Anamnese des Patienten
Gründe für einen möglicherweise erhöhten Steigerungssatz lassen sich schon in der Anamnese erkennen und sollten im „Risikofenster“ des Patienten hinterlegt werden. Die Angaben „ASS100“, „Marcumar“ o.ä. sind dann von Nutzen, wenn chirurgische Eingriffe stattgefunden haben. In diesen Fällen kann als „Standardbegründung“ hinterlegt werden: „Besonderer zeitlicher Mehraufwand bei der intraoperativen Blutstillung bei zeitgleicher Antikoagulantienbehandlung.“
Wenn beim Patienten bekannt ist, dass er nicht liegend behandelt werden kann, sollte dies auch im „Risikofenster“ hinterlegt werden, denn mit dieser Besonderheit werden alle Eingriffe im Oberkiefer erheblich erschwert. Als Standardbegründung kann dann angeführt werden: „Besondere Schwierigkeiten bei der Behandlung im Oberkiefer, weil der Patient nicht behandlungsgerecht gelagert werden konnte.“
Ebenso ist es schwierig und erheblich vom Durchschnitt abweichend, Patienten im Rollstuhl oder mit besonderen Behinderungen zu behandeln. Manche Patienten haben Kiefergelenksprobleme und müssen häufiger den Mund schließen, um das Gelenk oder die Muskulatur zu entlasten. Wenn dies der Fall ist, kann ein erhöhter Faktor so begründet werden: „Deutlicher zeitlicher Mehraufwand: der Patient leidet unter Kiefergelenksbeschwerden und zur Entlastung der Muskulatur musste die Behandlung mehrfach unterbrochen werden.“
Besonderheiten des Patienten
Gerade die Stuhlassistenz nimmt oft schicksalsergeben Besonderheiten bei der Behandlung in Kauf, ohne sie in der Dokumentation zu vermerken.
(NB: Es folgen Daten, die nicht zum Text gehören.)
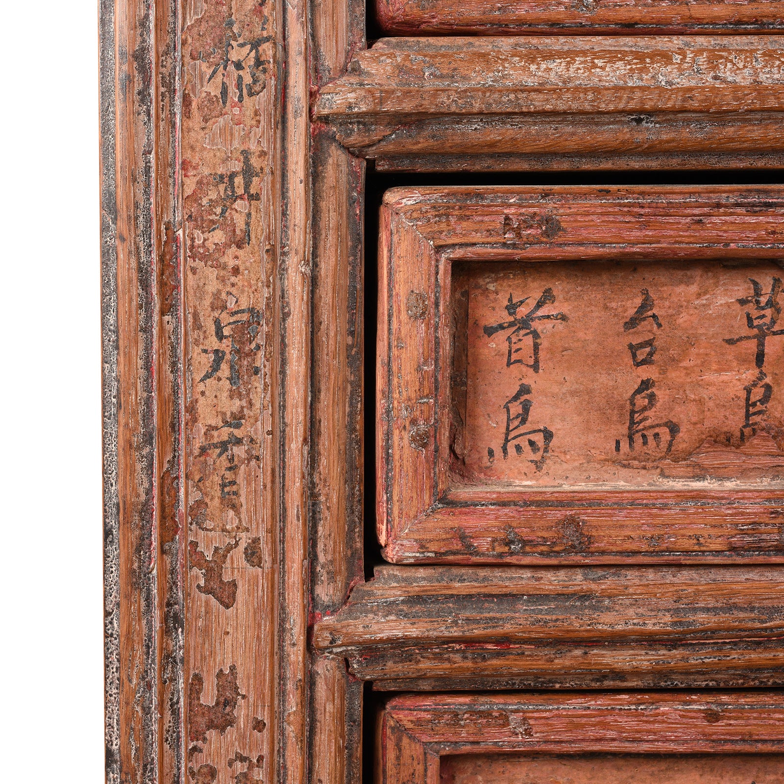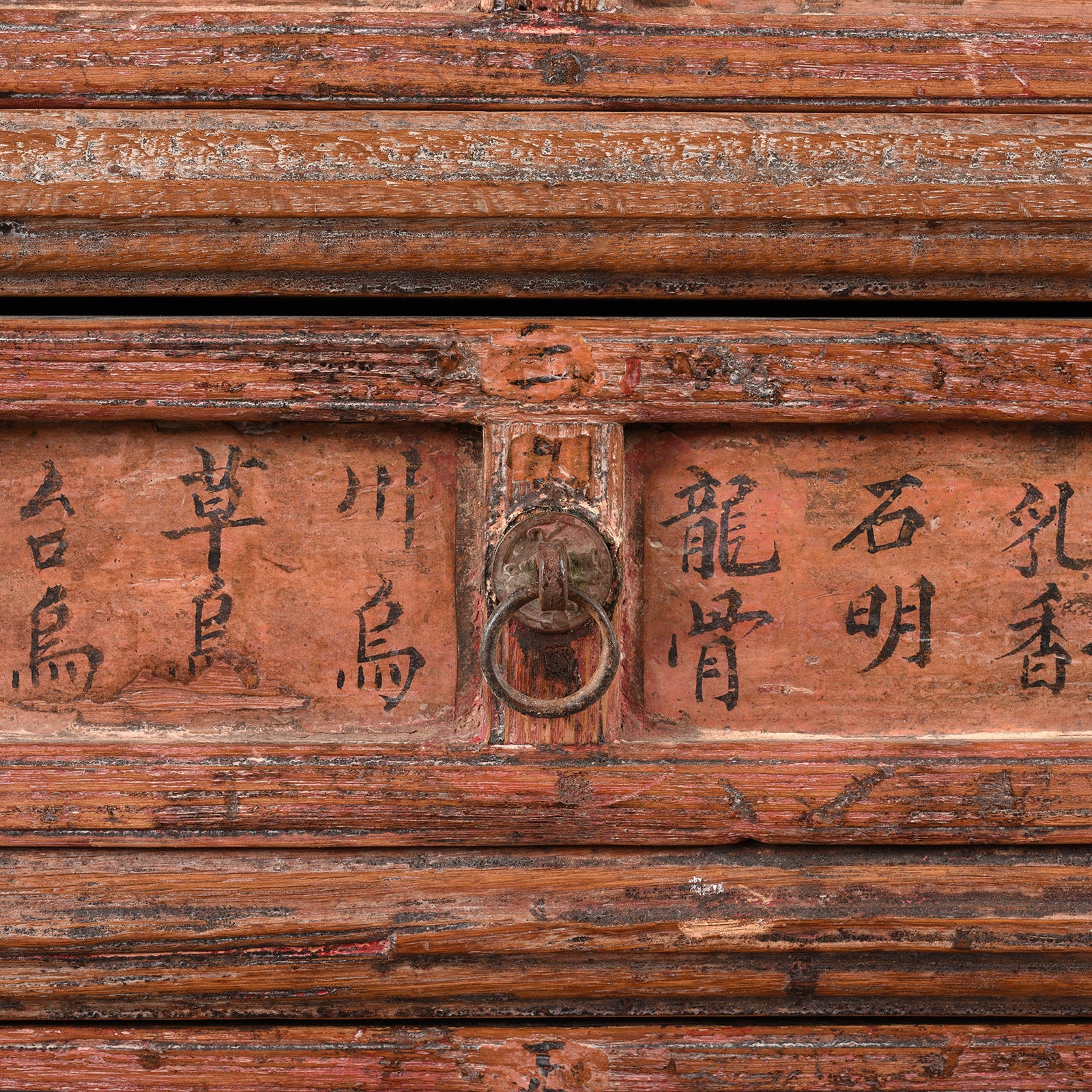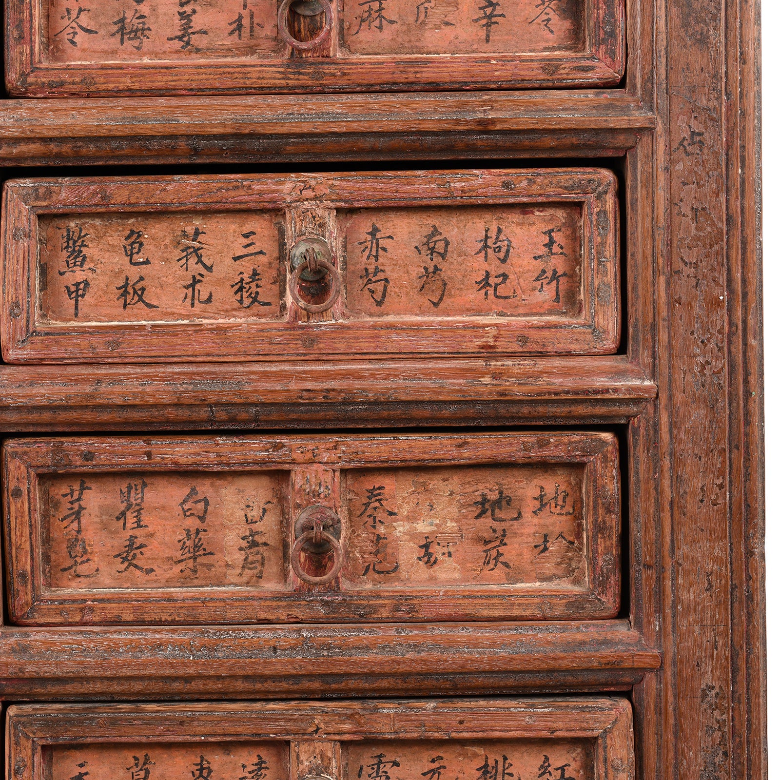 This is an excellent example of an antique Chinese traditional apothecary cabinet from Shanxi province. Traditional medicine was stored in this fabulous antique apothecary chest. It has the original painted drawer labels naming the various natural minerals and herbs that were mixed by the practitioner for each patient.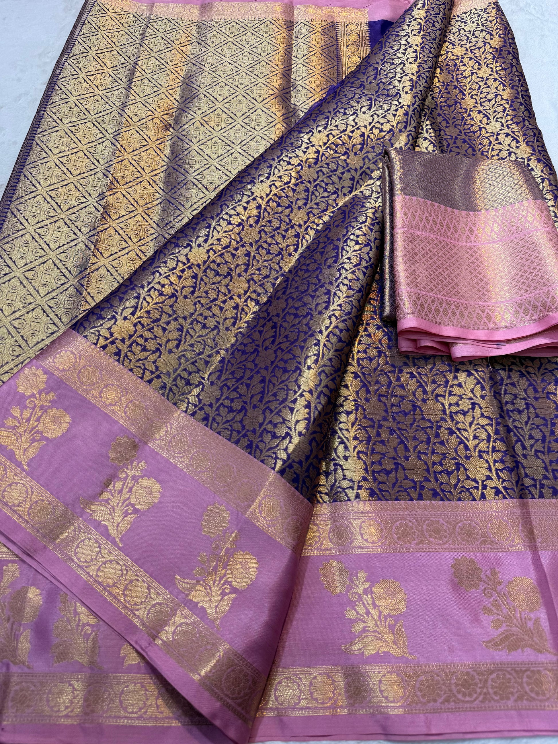 Navy peach shade Kanchi silk premium Banarasi saree

So gibt es Patienten, die mit Kraft gegen die Behandlungsinstrumente arbeiten, insbesondere mit ihrer Wangenmuskulatur gegen den Sauger drücken. Wenn dies dokumentiert ist, kann als Begründung angeführt werden: „Erheblich erschwerte Behandlung wegen des hohen Wangendrucks; die Arbeitsinstrumente mussten häufig neu positioniert und das Arbeitsfeld neu eingestellt werden.“
Wichtig ist es eben, nicht nur den „Befund“ „Hoher Wangenmuskeltonus“ als Begründung anzuführen, sondern auch, welche Folgen das für die zahnärztliche Behandlung hatte. Hat der Patient Mundwinkelrhaghaden oder Herpes, kann er den Mund nur eingeschränkt öffnen oder muss ihn ebenfalls häufiger wieder schließen. Diese Besonderheiten sollten ebenfalls in der Dokumentation aufgeführt werden.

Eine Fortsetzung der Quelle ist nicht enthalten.